1. Le facteur le plus dangereux du bruit est son intensité ?

> FAUX
L’intensité n’est pas le seul facteur de dangerosité des bruits. L’OMS a évalué les effets nocifs des bruits en fonction de leur durée. Celle-ci ne doit pas dépasser 8h pour un bruit de 85 dB et cette limite de temps diminue de moitié chaque fois que le bruit double d’intensité. Ainsi, le temps d’exposition maximal pour un bruit de 94 dB, ne doit pas dépasser 1h. Mais d’autres facteurs sont importants : les bruits aigus, discontinus, de caractère inattendu, agressent plus les oreilles que leurs contraires. De même, un bruit en plein air est moins dangereux en raison de l’absence de réverbération sur les parois. Enfin naturellement, la distance par rapport à la source sonore, les antécédents médicaux, l’âge et la sensibilité individuelle jouent un rôle dans notre tolérance du bruit.

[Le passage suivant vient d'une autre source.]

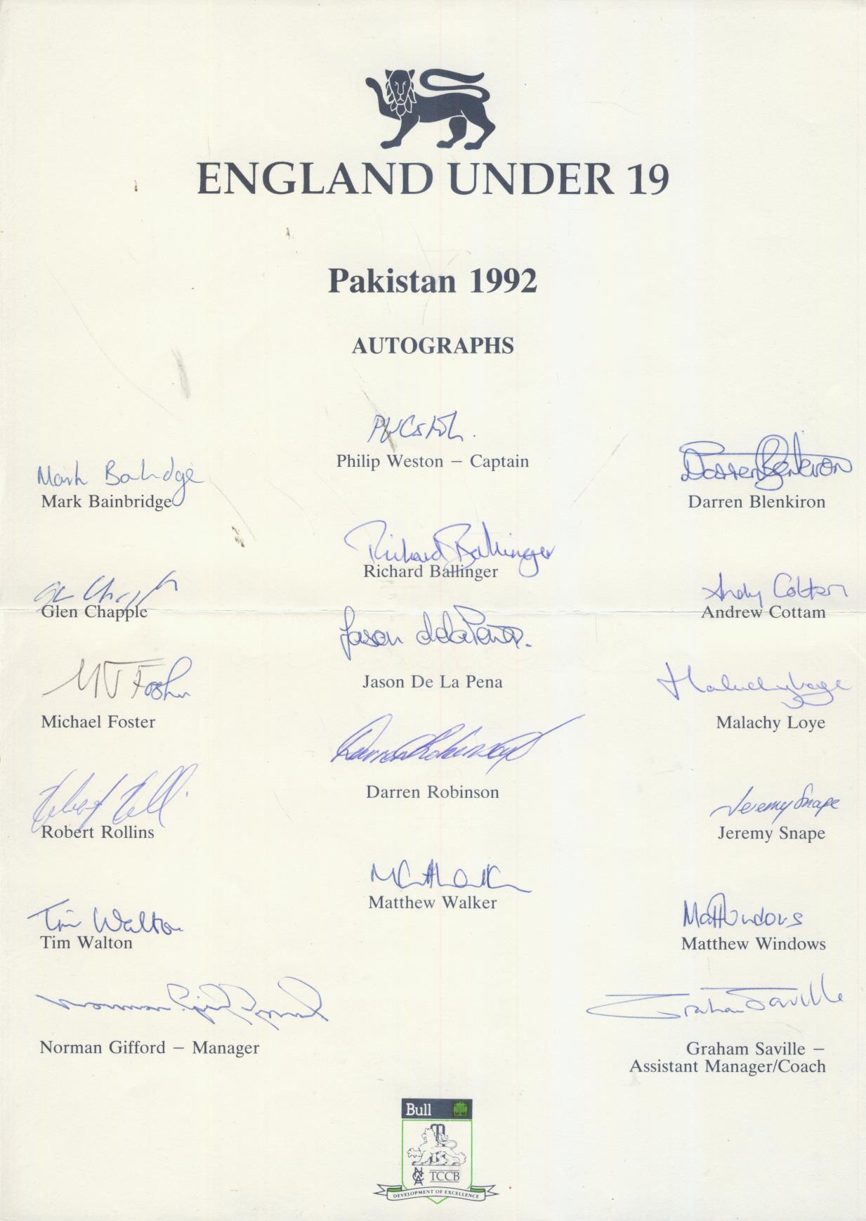 Official team sheet for the England Under 19 tour of Pakistan. Fully signed, including Weston, Chapple, Robinson, Loye, Snape, Windows and Norman Gifford, the coach.

2. C’est mauvais pour l’œil de regarder la télé ou un écran d’ordinateur ?

> FAUX

Si on respecte quelques règles simples, ni la télévision, ni l’ordinateur ne présentent de danger pour l’œil. Au contraire, exercer ses yeux est très important (même en cas de glaucome) et dans de bonnes conditions, regarder la télévision ou travailler sur un ordinateur représentent une gymnastique oculaire bénéfique.  
Toutefois, il est indispensable de faire des pauses régulières et de prendre quelques précautions : par exemple, pour travailler sur un écran d’ordinateur, mieux vaut avoir les yeux à hauteur du haut de l’écran, fixer la distance entre les yeux et l’écran entre 50 et 70 cm selon la taille de ce dernier, et éviter les reflets sur l’écran (lampe ou fenêtre).

3. Pour bien dormir, mieux vaut éviter la viande le soir?

> VRAI
La nature des aliments influe sur le sommeil. Ainsi, un repas riche en sucres favorise l’endormissement, alors qu’un repas riche en protéines permet de mieux soutenir l’effort et la vigilance. Cet effet serait lié au fait que les glucides et les protéines agissent de façon inverse sur la synthèse de sérotonine dans le cerveau, un neurotransmetteur qui agit sur l’endormissement. Sachant cela, chacun peut adapter son alimentation en fonction de ses propres nécessités à se maintenir, ou non, éveillé. Ainsi, en cas de conduite de nuit par exemple, de petites collations variées sont préférables au soutien apporté par des barres chocolatées.

4. C’est normal d’avoir un peu de diabète en vieillissant ?

> FAUX

Le diabète est une maladie, il n’est donc pas normal d’en avoir, même un peu ! bien sûr, avec l’âge, la prise d’embonpoint, une moindre activité physique, un vieillissement du pancréas, augmentent les risques de diabète, mais il ne doit pas en être banalisé pour autant. Le diagnostic est porté lorsque la glycémie après huit heures de jeûne est supérieure à 1,26 g/l, et ceci à deux reprises. Au-delà de ce seuil, un risque important de complications vasculaires apparaît. Mais c’est déjà au stade de  pré-diabète, quand la glycémie à jeun est comprise entre 1,10 et 1,26 g/l, qu’il  faut agir, car la maladie est encore réversible. Les mesures hygiéno-diététiques, associées si nécessaire aux antidiabétiques oraux, réduisent de 25% la progression vers le diabète et diminuent de façon très importante le risque de complications vasculaires.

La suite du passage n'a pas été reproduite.